Problem requirements. Repeat the data below exactly, dropping any pictures it holds.

Recorded information.
++++++

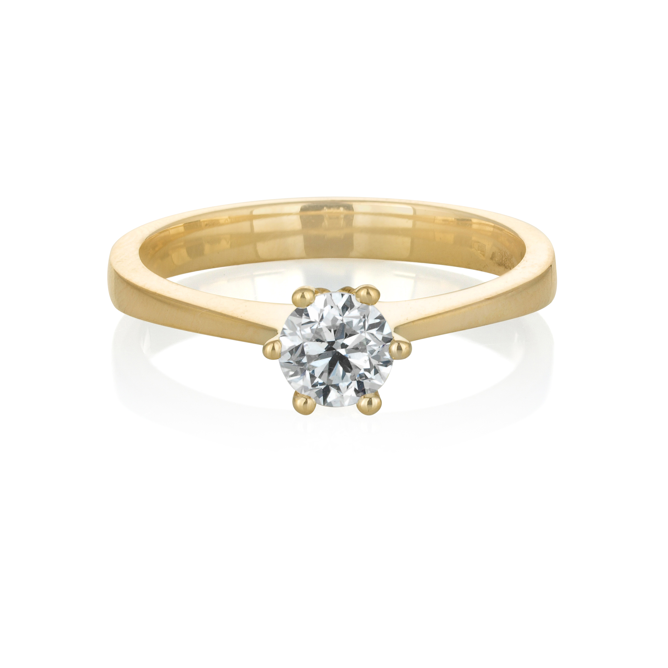 אליזבטה היא טבעת סוליטר יפיפייה מזהב צהוב בעיצוב מינימליסטי ונקי, המדגישה את יופיו של היהלום המרכזי בחיתוך עגול. שיבוץ שיניים מדויק בעל 6 שיניים מבליט את האבן המרכזית ומקנה לה נוכחות זוהרת ובטוחה. עיצוב מושלם למי שמחפשת קלאסיקה מדויקת עם נגיעה עכשווית ועדינה.
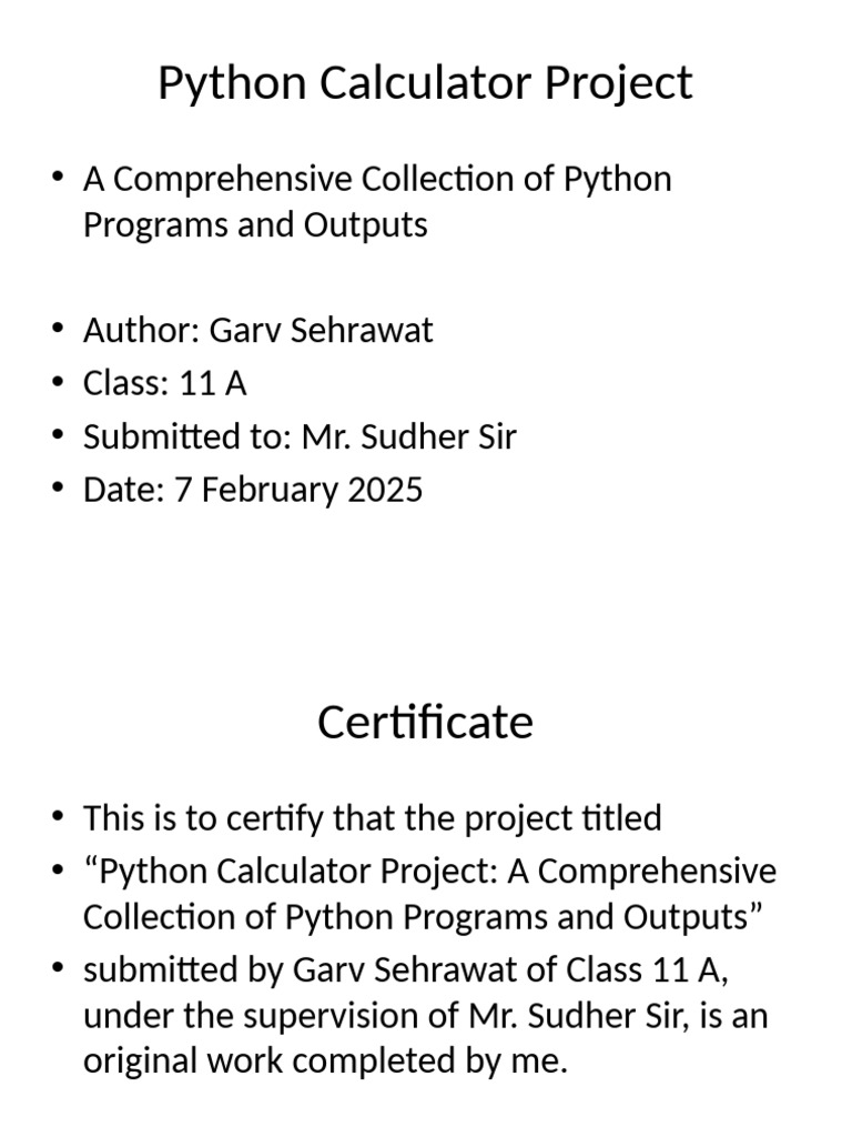 Based on this image's title: “Python Calculator Project Overview | PDF | Multiplication | Python ...”
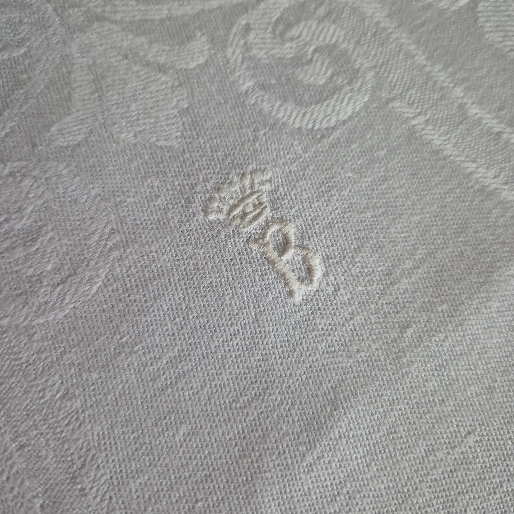 Jugendstil Küchen-&Geschirrtuch Damast mit Initialen B. und Krone 50x115cm Baumwolle weiß

++++++

Answer section.
 אליזבטה היא טבעת סוליטר יפיפייה מזהב צהוב בעיצוב מינימליסטי ונקי, המדגישה את יופיו של היהלום המרכזי בחיתוך עגול. שיבוץ שיניים מדויק בעל 6 שיניים מבליט את האבן המרכזית ומקנה לה נוכחות זוהרת ובטוחה. עיצוב מושלם למי שמחפשת קלאסיקה מדויקת עם נגיעה עכשווית ועדינה.
 Based on this image's title: “Python Calculator Project Overview | PDF | Multiplication | Python ...”
 Jugendstil Küchen-&Geschirrtuch Damast mit Initialen B. und Krone 50x115cm Baumwolle weiß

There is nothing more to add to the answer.